Pediatric tuberculosis in close contacts: prospective study

Saikumar B1, Tarakeswara Rao P2

1Dr. Bonela Saikumar, Assistant Professor 2Dr. Pikala Tarakeswara Rao, Professor, both authors are affiliated with the Department of Pediatrics, Gitam Institute of Medical Sciences and Research, Visakhapatnam, Andhra Pradesh, India.

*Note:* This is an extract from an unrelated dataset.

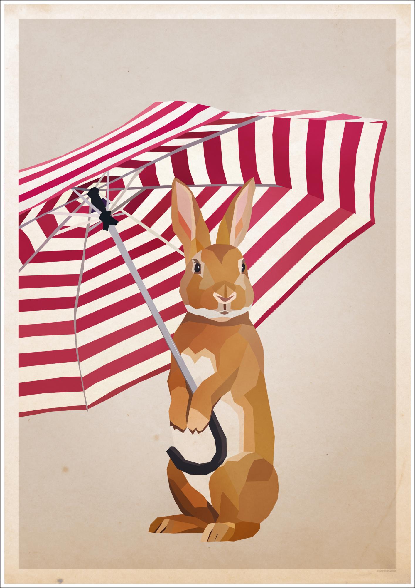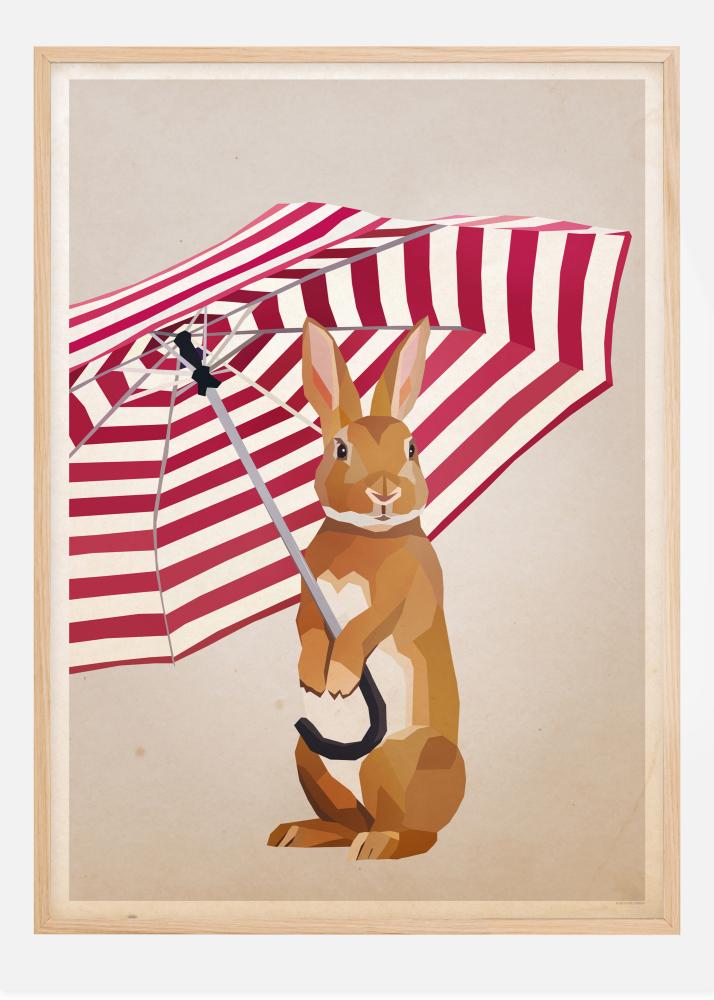 Uma obra de arte adorável com um coelho segurando um guarda-chuva entre suas duas patas dianteiras. Num fundo bege, o coelho marrom e branco segura um guarda-chuva vermelho e branco. Com os olhos do coelho olhando diretamente para a câmera, este é um póster perfeito para o quarto do seu filho.

Corresponding Author: Dr. Pikala Tarakeswara Rao, Professor, Department of Pediatrics, Gitam Institute of Medical Sciences and Research, Visakhapatnam, Andhra Pradesh, India E-mail: ptrao1971@gmail.com


Abstract

Introduction: Tuberculosis continues to be a major cause of morbidity and mortality among children in developing country like India. Early detection and treatment of infection can reduce morbidity and mortality. Screening of children in close contact with high risk groups is universally recommended but seldom practiced in resource limited settings. Aims and objectives: Primary objective to find prevalence of tubercular infection in children who are household contacts of PTB, and HIV-PTB co-infected adults. To identify subset of contacts who are at higher risk of contacting infection. Settings and Design: Prospective study conducted in tertiary care center. Children aged <10years in contact with adult PTB and PTB with HIV were enrolled and evaluated for tuberculosis infection by clinical, radiographic, and tuberculin testing. Transverse in duration of greater than 10 mm was defined as positive tuberculin test suggestive of tubercular infection. Results: About 33.6% of contacts exposed were found to be infected. Tuberculin test was found to be significantly positive in contacts exposed to PTB and HIV-PTB co-infected adults groups (p > 0.0001, with an odds ratio of 0.36 (1.10 - 1.74)), P>0.0001, 2.77 (1.33 - 5.79). Majority of children exposed to HIV negative PTB adults were infected compared to contacts exposed to HIV-PTB co-infected adults (35 vs 14) and the difference is statistically significant (p>0.001). Absence of scar is not associated with any significant risk. Conclusions: Prevalence of tuberculosis is high in contacts with high risk groups. HIV-PTB co-infected adults transmit infection less in comparison to HIV negative TB adults. Young children and those with severe malnutrition need to be targeted in contact screening.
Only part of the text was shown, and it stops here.